In the entries that follow, find the line containing "Flores Silvestres Elegante" and the line containing "Se llama reflejo", then retype exactly the lines from the first through the second, pictures excluded.

Data to examine START

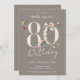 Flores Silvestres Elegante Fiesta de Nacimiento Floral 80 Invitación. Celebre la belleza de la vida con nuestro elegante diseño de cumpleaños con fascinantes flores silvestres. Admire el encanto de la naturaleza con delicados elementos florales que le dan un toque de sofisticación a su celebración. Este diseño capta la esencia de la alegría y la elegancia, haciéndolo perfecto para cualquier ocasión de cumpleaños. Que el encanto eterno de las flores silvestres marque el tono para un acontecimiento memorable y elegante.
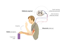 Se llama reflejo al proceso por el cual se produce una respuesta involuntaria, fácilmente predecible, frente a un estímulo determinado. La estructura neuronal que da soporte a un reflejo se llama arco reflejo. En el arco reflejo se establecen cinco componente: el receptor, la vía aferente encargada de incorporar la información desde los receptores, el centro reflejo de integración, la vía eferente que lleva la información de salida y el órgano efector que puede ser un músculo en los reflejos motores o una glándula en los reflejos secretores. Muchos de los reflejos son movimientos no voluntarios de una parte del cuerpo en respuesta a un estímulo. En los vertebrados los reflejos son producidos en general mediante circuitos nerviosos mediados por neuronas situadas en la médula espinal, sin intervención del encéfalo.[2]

Data to examine END
Data to examine START

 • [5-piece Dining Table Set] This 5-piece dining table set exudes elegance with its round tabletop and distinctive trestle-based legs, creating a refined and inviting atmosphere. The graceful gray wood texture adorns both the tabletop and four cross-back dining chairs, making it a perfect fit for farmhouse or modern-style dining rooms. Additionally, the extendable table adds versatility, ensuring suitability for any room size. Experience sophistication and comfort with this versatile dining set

Data to examine END
Data to examine START

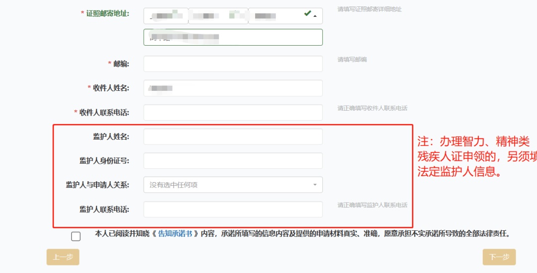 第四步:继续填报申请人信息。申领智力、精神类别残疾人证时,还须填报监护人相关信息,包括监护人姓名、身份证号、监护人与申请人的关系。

Data to examine END

*Answer box*:
 Flores Silvestres Elegante Fiesta de Nacimiento Floral 80 Invitación. Celebre la belleza de la vida con nuestro elegante diseño de cumpleaños con fascinantes flores silvestres. Admire el encanto de la naturaleza con delicados elementos florales que le dan un toque de sofisticación a su celebración. Este diseño capta la esencia de la alegría y la elegancia, haciéndolo perfecto para cualquier ocasión de cumpleaños. Que el encanto eterno de las flores silvestres marque el tono para un acontecimiento memorable y elegante.
 Se llama reflejo al proceso por el cual se produce una respuesta involuntaria, fácilmente predecible, frente a un estímulo determinado. La estructura neuronal que da soporte a un reflejo se llama arco reflejo. En el arco reflejo se establecen cinco componente: el receptor, la vía aferente encargada de incorporar la información desde los receptores, el centro reflejo de integración, la vía eferente que lleva la información de salida y el órgano efector que puede ser un músculo en los reflejos motores o una glándula en los reflejos secretores. Muchos de los reflejos son movimientos no voluntarios de una parte del cuerpo en respuesta a un estímulo. En los vertebrados los reflejos son producidos en general mediante circuitos nerviosos mediados por neuronas situadas en la médula espinal, sin intervención del encéfalo.[2]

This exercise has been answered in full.